UPDATE: Less than an hour after we published this article, HSUS “tweeted” two specific pledges about Humane Society International’s post-tsunami work in Japan. (See here and here.) These are nice promises, but only time will tell if they’re empty ones.
It’s been more than a week since an earthquake rocked Japan and a tsunami devastated a wide swath of the country’s east coast. As we’ve come to expect, the international disaster has drawn a response from the Humane Society of the United States’ global arm, Humane Society International (HSI). And of course, that response revolves around a fundraising pitch.
HSI claims it sent a team to Japan to coordinate relief efforts with local groups. But as of today, it’s not clear what the organization is doing—or if they’re even allowed to do much at all. One thing HSI does not appear to be doing is hiring animal-rescue personnel. True to form, its “employment” web page lists only one job: “Online Fundraising Manager.”
In-house HSUS historian Bernie Unti writes on HSI’s website (emphasis added): “As the animal-related impacts of the crisis become clearer in Japan, we’ll be ready.” HSI’s Facebook page adds that the group is “extending our offer of assistance … our contacts are trying to learn about animal needs and are keeping HSI updated.”

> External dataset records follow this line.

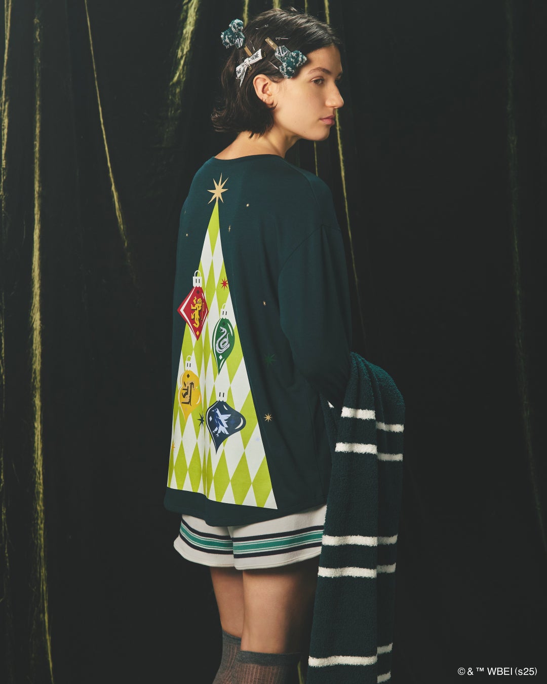 なめらかなカットソーにプリントしたソックス柄に、各寮のロゴとシンボルをデザインしました。背面には大きなクリスマスツリーに4寮のシンボルを飾った、季節感たっぷりのオリジナルグラフィックをプリント。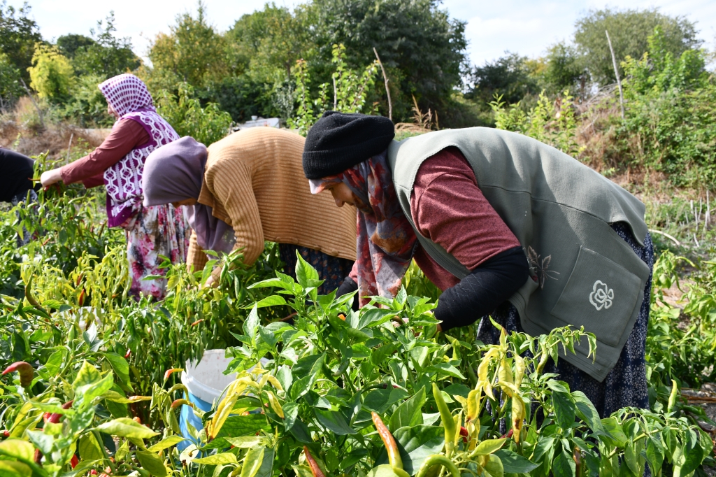 “Mart ayında tohumları çimlendiriyoruz. Nisan ve mayıs aylarında da bahçelere dikiyoruz. 1-2 ay böyle devam ediyor. Biberler ağustos ortasında kızarmaya başlıyor. Eylülde toplamaya başlıyoruz, iplere diziyoruz ve kurumaya bırakıyoruz. Pazarlamasını da kendimiz yapıyoruz.”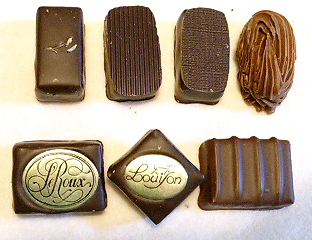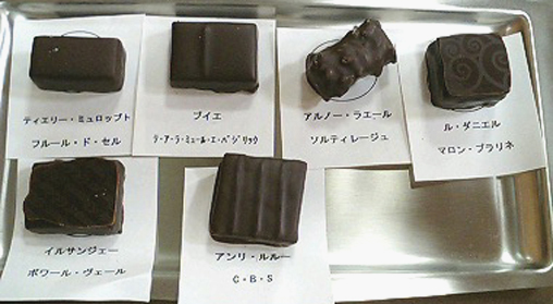 う〜〜〜ん!!ウンマイです!特に気に入ったのはイルサンジェー氏のボンボンショコラです。リストには胡椒味となっていましたが実際はバジル風味です。このボンボンショコラはジュラ地方特産のワインをたっぷり使用しているそうで、全くアルコール分を感じいさせないのにワインの風味がしっかりしているのです。しかもガナッシュの滑らかな事!非常に個性的で美味しいです。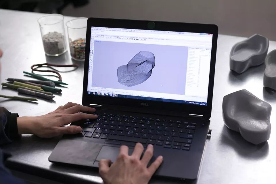 在市民向实验室提供材料后,塑料经过分类、洗涤、粉碎,之后融化,提炼出能做成椅子的聚丙烯(PP)、聚乙烯(PE) 等材料,这两种塑料往往被用在食品包装上。除此以外,聚苯乙烯塑料(PS)和 PET 塑料也可以被利用。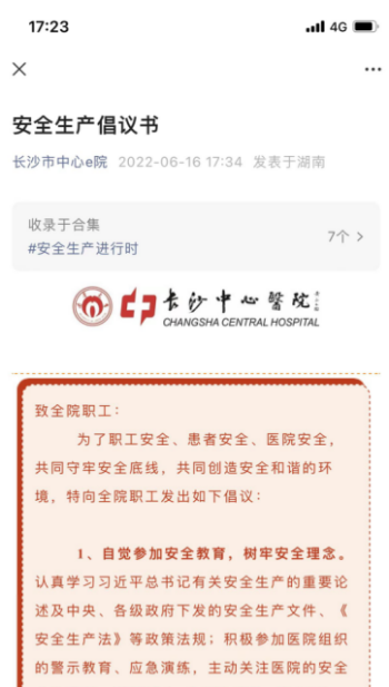 “生命重于泰山,安全高于一切”,6月16日,医院向全院职工发出《安全生产倡议书》,共同以“安全生产月”“百日攻坚行动”为契机,关爱生命,积极作为,勇于担当,守护安全,为党的二十大胜利召开营造安全稳定的环境。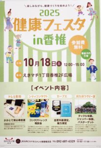2025年10月18日(土)12:00~15:00で健康フェスタin香椎をえきマチ1丁目香椎2階広場にてえきマチ1丁目香椎テナント合同で開催いたします。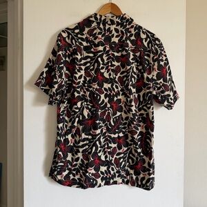 Tommy Bahama Red/Black Floral Silk Blend Hawaiian Printed Button Down Top size M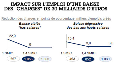 Ce calcul de coin de table est une arnaque. Il invoque deux effets. Le premier est un « effet compétitivité » : mon coût du travail baisse, je baisse mes prix, et je gagne des parts de marché, donc je crée des emplois. Mais c’est un jeu à somme nulle sur le marché intérieur, puisque ceux sur qui je vais prendre des parts de marché vont en perdre et donc supprimer des emplois. Sur le marché mondial, c’est aussi un jeu à somme nulle si les concurrents mènent la même politique de baisse des salaires. De plus, dans le cas français, la compétitivité dépend avant tout de facteurs autres que les prix. Rien ne garantit par ailleurs contre le choix d’utiliser les baisses de « charges » à autre chose que des créations d’emploi : rétablissement des marges, distribution de dividendes, etc. La meilleure preuve en a été donnée par le Medef lui-même avec son refus systématique de la moindre garantie de création d’emplois, comme contrepartie au CICE et au Pacte de responsabilité. Le Medef demande au contraire que le CICE, qui est un crédit d’impôt, soit transformé en une baisse pérenne des cotisations sociales.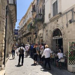 Die Stadt ist einfach ein Traum für alle Sinne. Eine kaum zu beschreibende Küste, das Meer scheint sich in den Buchten auszuruhen und dann die Felsen, auf der die Stadt gebaut wurde. Unbegreiflich, wie schön und faszinierend eine Stadt sein kann. Und dann der Trubel, das geschäftige Treiben, die Italiener, noch ein bisschen lauter als außerhalb der Stadt (jeder versucht den anderen zu übertönen). Die Geschäfte - vom edlen Desingnerladen bis zum Ledergeschäft, die ihre Waren in Sizilien produzieren - abwechslungsreich und so schön - einfach viel anders als unsere Städte. Hier macht Bummeln und Einkaufen noch wirklich Spaß. Die großen Ketten und Allerweltsmarken sind hier nicht oder sehr selten zu finden.

On his blog last Thursday, HSUS CEO Wayne Pacelle said that his organization’s disaster response team was actually waiting in the Philippines, which Unti confirmed yesterday is still the case. It sounds like no one in the HSUS orbit can do much to help Japanese animals right now. And given the hazards on the ground, they may not be able to do anything at all.
Yet HSI is raising money to “help ensure we can be there for animals affected by disaster,” and pledging to earmark all funds raised in the next month for Japanese relief efforts.
How much of the funds will eventually reach Japan? And why fund a team on indefinite standby 2,000 miles away?
What will happen to any leftover funds? Will they be rolled into HSI’s general funds?
Examples from HSUS’s recent history give us good reason to ask tough questions.
If it seems like you’ve heard this “ready and waiting” routine before, it’s because you have. After last year’s oil spill in the Gulf of Mexico, HSUS insisted it would “stand ready,” that it was willing “to help any way we can,” and that its personnel were “gearing up to help.” Ultimately, others with better qualifications and access did the heavy lifting; HSUS squawked from the sidelines and raked in donations.
Earlier in 2010, HSUS raised funds for “emergency” donations immediately after an earthquake struck Haiti, claiming “Humane Society International’s team on the ground in Haiti continues its work of helping animals in distress.” But one of HSI’s own disaster relief experts said there were “no animal issues” resulting from the earthquake (emphasis added):
Our team has been doing assessments for several days now and it is our professional opinion that no animal issues are here that are related to the event of the earthquake. There are a lot of animal issues here, but after speaking with a local American expatriate veterinarian here (who is very well connected in this country) we must agree with her that now is not the time to deal with them.
Similarly, HSUS engaged in deceptive fundraising following Michael Vick’s 2007 dogfighting arrest, raising money on the promise that it would “care for the dogs seized in the Michael Vick case.”
The New York Times later reported that HSUS wasn’t caring for Vick’s dogs at all. HSUS President Wayne Pacelle told the Times that he didn’t know where the dogs were, and that his group urged government officials to “put down” (kill) them anyway.
And then there’s the infamous example of Hurricane Katrina. HSUS raised at least $34 million following the 2005 disaster, pledging to help reunite pets with their owners. Louisiana’s Attorney General conducted an 18-month investigation into how this money was raised and spent, closing it only after HSUS announced a $600,000 contribution toward the construction of an animal shelter on the grounds of a Louisiana prison.
HSUS has offered a vague accounting of the money it raised from Hurricane Katrina. We’re not convinced.
In times of crisis, it’s critically important to do your homework before you donate. Several Japanese charities are already involved with rescues on the ground, including one coalition of three organizations whose work has attracted CNN’s attention.
Japan is the world’s fourth largest economy—it has its own infrastructure and relief organizations. Its people are facing a vastly different situation from the aftermath of the earthquake that hit Haiti, a Third World country. Accordingly, donating to non-Japanese organizations may be of limited use.
It’s not clear where the money HSUS raised after the Gulf oil spill went. The same is true for funds raised following the Haiti earthquake and Michael Vick’s arrest.
It would certainly help if HSUS and HSI decided to be 100% transparent about how they spend funds raised during this crisis—because while Wayne Pacelle’s organizations are really good at fundraising, transparency is not their strong suit.